Not one of them shall stand before you. So Joshua came upon them suddenly by marching all night from Gilgal, and the
Lord confounded them before Israel, and he slew them with a great slaughter at Gibeon, and pursued them by way of the ascent of Beth -horon, and struck them as far as Azekah and Makedah.
And they fled from before Israel while they were at the descent of Beth -horon. The Lord threw large stones on them as far as Azekah, and they died.
There were more who died from the hailstones than those whom the sons of Israel killed with the sword.
Then Joshua spoke to the Lord in the day when the Lord delivered up the Amorites before the sons of Israel.
And he said in all sight of Israel, O sun, stand still at Gibeon, and O moon, in the valley of Eijalon.
So the sun stood still, and the moon stopped, until the nation avenged themselves of their enemies.
Is it not written in the book of Jashar, The sun stopped in the middle of the sky and did not hasten to go down for about a whole day.
There was no day like that before it or after it, when the Lord listened to the voice of a man, for the
Lord fought for Israel. And Joshua and all Israel with him returned to the camp at Gilgal.
Father, as we read your word, we are humbled when we are reminded that you are the
God who takes people that are nothing and makes them to be your people. You are the
God who takes mighty and powerful nations and makes of them nothing.
That you are a God who fights for your people better than they can fight for themselves.
God, your word from beginning to end is all about you.
It is about your glory.
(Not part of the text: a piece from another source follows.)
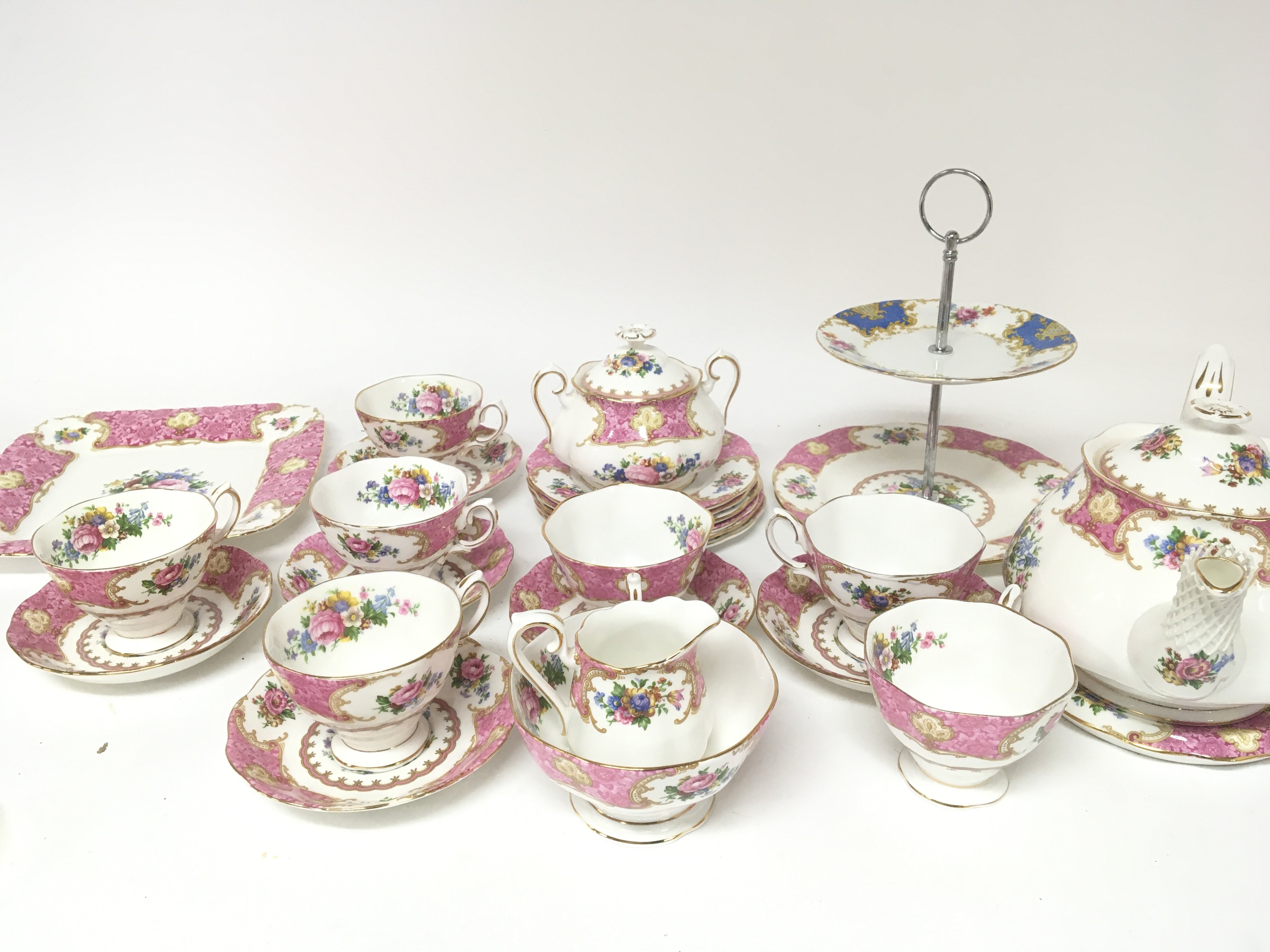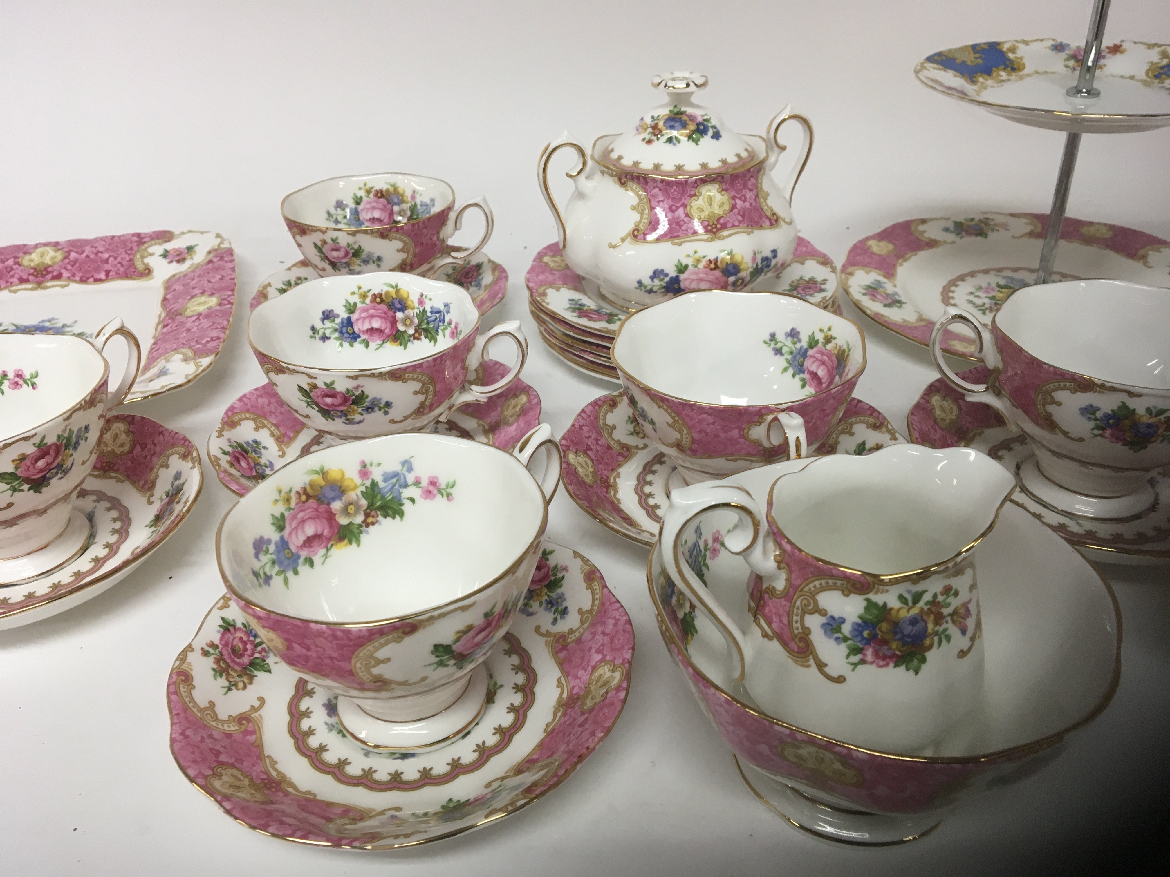 A Royal Albert Lady Carlyle pattern porcelain tea set with pink and patterns of flowers no obvious damage cake stand with a conforming dish.
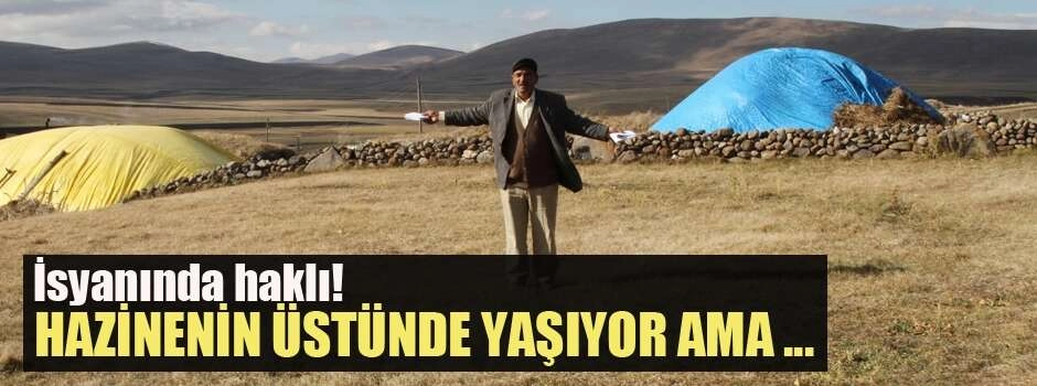 Ardahan merkeze bağlı Çalabaş köyünde yaşayan 66 yaşındaki adam, kendisine ait arazide hazine olduğunu ancak Kültür Bakanlığının kazı için izin vermediğini söyledi. Yaşlı adam, "Hazinenin üzerinde yaşıyorum ama ekmeğe muhtacım" diyerek isyan etti.

It is about your power, your sovereignty, your might, your wisdom, your perfect holiness.
And father, thanks be to God that from beginning to end, your word is about your loving kindness, your mercy, your grace, that you would have mercy on sinful people and that you would display that mercy and the sending of your perfect, holy, spotless son, that you would make him who knew no sin to be sin for us as we call upon you in faith for salvation.
Father, we thank you that we can exalt you today. Thank you for this passage in which you clearly display your power, your majesty, your sovereignty, and you display your care and your loving kindness.
Lord, would we worship you in the proclamation of your word today.
We ask this in Jesus' name, amen. Many of us have heard parts of this passage that have been used, have been pulled out in different ways, in various ways to somewhat extremes that I've heard of verses from this very chapter used in the past.
On one hand, there are those who will read of the moon and the sun that stands in its place and they'll use this as an example of something in scripture that is so unbelievable that there has to be some rational explanation for it, that naturalism, one of those legacies of the enlightenment will prove so alluring that a scholar can't help but make some a feeble attempt to explain away what was described in scripture, to say that this passage means anything other than what it says that it means.
Another approach to parts of this passage is to hold it up as a proof text for how we can use prayer to bend
God's ear as if we can, through our cunning words and clever phrases and maybe even just the emotionalism of our prayer, that we can somehow bend the will of God to our will.
Of course, many people wouldn't put it in those words, but when you read their books and when you go through their programs, it's obvious that there is this attempt there to get
God on our side, to get God with our program. That if you work up enough faith and you pray fervently enough, that you can convince
God to do great things through you. In reality, both of those views are faulty because the focus here in this passage is clearly on God, on His power, on His grace and His mercy.
The only right focus for this passage is on God. The only right focus for all of God's Word is on God.
It's God who gives the gift and the power of prayer. It is God who gives the gift and the power of faith.
It is God who gives goodness. The focus is on His power and His sovereignty.
In our passage today, we see three things that God did for His people, for the
Israelites then and for the Gibeonites, and what He does for His people today.
We see, first of all, that God keeps His promises. As chapter 10 opens, we see the response of the
Amorite city -states to Gibeon's treaty that they have made with Israel.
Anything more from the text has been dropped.